I can count just four people who have told me, yes, you are fatter than you should be, you must do something about it. Believe me, I have thanked them all. I remember them when I recall my 'fat' days.

It is such concern that will help people like me to lose weight. Not the painful, killing comments people pass at you in the name of fun.

They do not realise that while they have their fun and pass those not-intended-to-hurt comments, they do irreparable damage to young minds. They give people like me an inferiority complex.

An effect of such comments is that the victim puts on an act. 'I don't care how I look', 'I don't care what I eat' and 'I care a damn about my weight' are all springboards for us to move away from the humiliation we feel.

You who have fun, don't you ever think twice before saying that? Don't you realise that every time you say that, you practically murder a person's self? What's worse, most often than not such comments are passed in public -- and that, let me tell you, adds 10 times to our hurt.

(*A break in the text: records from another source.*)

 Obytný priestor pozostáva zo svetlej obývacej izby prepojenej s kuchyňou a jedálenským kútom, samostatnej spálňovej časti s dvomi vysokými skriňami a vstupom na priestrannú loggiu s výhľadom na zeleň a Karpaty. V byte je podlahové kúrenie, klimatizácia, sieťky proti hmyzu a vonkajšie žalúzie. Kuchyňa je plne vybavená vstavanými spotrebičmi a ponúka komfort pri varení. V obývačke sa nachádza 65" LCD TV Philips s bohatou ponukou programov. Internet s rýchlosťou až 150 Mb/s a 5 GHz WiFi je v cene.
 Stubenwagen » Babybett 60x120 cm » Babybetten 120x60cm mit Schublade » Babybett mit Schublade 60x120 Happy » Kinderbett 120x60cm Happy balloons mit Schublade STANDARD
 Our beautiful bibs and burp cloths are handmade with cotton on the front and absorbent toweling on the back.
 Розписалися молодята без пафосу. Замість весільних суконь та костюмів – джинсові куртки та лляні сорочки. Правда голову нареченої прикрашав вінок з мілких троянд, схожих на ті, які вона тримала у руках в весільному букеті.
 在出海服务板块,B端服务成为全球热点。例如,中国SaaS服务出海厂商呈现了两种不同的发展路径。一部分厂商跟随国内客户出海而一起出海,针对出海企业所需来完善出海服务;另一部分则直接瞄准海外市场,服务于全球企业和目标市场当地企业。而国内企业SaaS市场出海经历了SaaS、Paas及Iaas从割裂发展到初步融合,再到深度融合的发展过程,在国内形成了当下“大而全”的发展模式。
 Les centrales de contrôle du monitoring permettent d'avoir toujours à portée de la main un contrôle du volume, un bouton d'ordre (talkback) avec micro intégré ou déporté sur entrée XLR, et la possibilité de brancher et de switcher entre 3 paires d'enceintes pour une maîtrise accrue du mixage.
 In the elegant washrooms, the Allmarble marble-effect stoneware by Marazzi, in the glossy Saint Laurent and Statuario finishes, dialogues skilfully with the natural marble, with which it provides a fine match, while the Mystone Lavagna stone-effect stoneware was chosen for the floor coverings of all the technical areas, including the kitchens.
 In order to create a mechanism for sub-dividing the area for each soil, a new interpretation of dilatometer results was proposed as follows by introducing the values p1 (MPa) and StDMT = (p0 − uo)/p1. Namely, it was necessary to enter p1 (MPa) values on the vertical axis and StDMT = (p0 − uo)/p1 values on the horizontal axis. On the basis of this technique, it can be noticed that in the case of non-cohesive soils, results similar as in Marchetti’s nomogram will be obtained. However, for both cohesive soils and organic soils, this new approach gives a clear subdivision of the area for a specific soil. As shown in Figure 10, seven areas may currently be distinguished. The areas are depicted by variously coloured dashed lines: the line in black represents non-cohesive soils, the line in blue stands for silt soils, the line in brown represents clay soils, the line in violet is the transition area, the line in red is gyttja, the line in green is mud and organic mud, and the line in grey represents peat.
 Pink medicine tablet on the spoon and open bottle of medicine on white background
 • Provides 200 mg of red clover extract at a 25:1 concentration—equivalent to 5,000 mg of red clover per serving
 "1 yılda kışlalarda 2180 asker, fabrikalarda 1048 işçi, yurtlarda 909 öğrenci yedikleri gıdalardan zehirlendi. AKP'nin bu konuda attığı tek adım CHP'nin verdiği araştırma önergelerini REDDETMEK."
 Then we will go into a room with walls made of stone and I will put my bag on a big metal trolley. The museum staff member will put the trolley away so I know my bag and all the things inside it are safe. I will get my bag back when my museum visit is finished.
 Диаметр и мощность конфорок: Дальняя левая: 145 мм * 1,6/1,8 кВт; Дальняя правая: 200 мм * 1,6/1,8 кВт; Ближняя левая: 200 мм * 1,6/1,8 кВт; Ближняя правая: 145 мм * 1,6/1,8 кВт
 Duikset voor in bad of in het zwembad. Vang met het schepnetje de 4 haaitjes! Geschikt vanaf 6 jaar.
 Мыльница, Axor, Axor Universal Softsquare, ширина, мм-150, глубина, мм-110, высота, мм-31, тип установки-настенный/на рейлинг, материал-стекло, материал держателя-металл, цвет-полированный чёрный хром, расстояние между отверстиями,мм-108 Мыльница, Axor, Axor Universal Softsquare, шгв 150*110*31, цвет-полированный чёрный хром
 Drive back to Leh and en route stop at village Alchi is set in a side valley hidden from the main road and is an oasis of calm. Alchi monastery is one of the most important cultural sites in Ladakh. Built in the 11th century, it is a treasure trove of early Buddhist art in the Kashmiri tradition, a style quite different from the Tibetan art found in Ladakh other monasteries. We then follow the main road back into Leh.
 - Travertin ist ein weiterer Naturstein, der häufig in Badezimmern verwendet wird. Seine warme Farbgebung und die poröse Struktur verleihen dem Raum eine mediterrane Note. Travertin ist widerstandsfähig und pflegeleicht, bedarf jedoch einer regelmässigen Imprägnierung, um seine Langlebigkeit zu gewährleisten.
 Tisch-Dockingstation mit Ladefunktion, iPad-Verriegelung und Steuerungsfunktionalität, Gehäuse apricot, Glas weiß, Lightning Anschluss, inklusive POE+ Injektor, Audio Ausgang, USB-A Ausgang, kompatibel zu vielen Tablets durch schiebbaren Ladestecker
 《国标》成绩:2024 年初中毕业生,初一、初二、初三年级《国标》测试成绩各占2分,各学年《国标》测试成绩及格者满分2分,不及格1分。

This is a request to all of you. Please don't do it, please don't kill another's self worth for your amusement.

I still remember my classmate in school. He made my life miserable with his comments, which often crossed the borders of decency. It was his offensive remarks that made me take up the challenge of losing weight. In the process I lost my health too.

I resorted to a cruel diet -- no, call it starvation. And a frightening amount of exercise. I'm not the same old person now. I have lost my physical strength, my immunity towards common illnesses. I fall sick often because of the nutritional deprivation I forced on myself when I was growing up.

While in school the boy I am talking about must have weighed somewhere between 30 and 40 kg, the normal weight for a 13-year-old. Today he is 23. And he weighs at least 90 kg.

If that's not one of life's little ironies, I don't know what is.

Be sure Pallavi will not let her weight get the better of her.